» **Dataset extract**:
# # # #

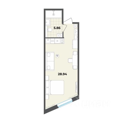 Продаётся студия-апартаменты в строящемся доме (Дом 127), срок сдачи: II-кв. 2026, общей площадью 34.8 кв.м., на 2 этаже. Апарт-отель "Лиговский, 127" от застройщика "ВК ЛОГИСТИК".
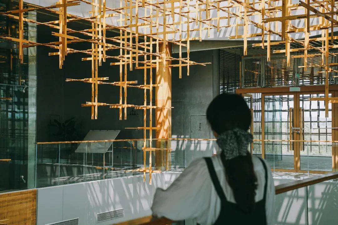 雁之羽打造了一间看得见风景的展馆,其中竹钢结构便是设计师的一大巧思。
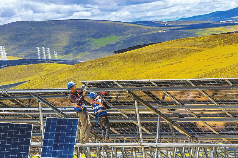 甘孜州理塘县首个百万千瓦级可再生能源项目——索绒光伏发电项目建设正稳步推进。该电站作为雅砻江流域水风光一体化基地的重大标志性项目,是四川省“十四五”可再生能源发展规划重点项目。图为9月2日,施工人员正在进行光伏发电组件、面板等设施安装作业。 林漫 摄(C视觉)

# # # #

» **Exercise objective**: Keeping every word as it is, write out all the data and omit the pictures.

» **Written reply**:
 Продаётся студия-апартаменты в строящемся доме (Дом 127), срок сдачи: II-кв. 2026, общей площадью 34.8 кв.м., на 2 этаже. Апарт-отель "Лиговский, 127" от застройщика "ВК ЛОГИСТИК".
 雁之羽打造了一间看得见风景的展馆,其中竹钢结构便是设计师的一大巧思。
 甘孜州理塘县首个百万千瓦级可再生能源项目——索绒光伏发电项目建设正稳步推进。该电站作为雅砻江流域水风光一体化基地的重大标志性项目,是四川省“十四五”可再生能源发展规划重点项目。图为9月2日,施工人员正在进行光伏发电组件、面板等设施安装作业。 林漫 摄(C视觉)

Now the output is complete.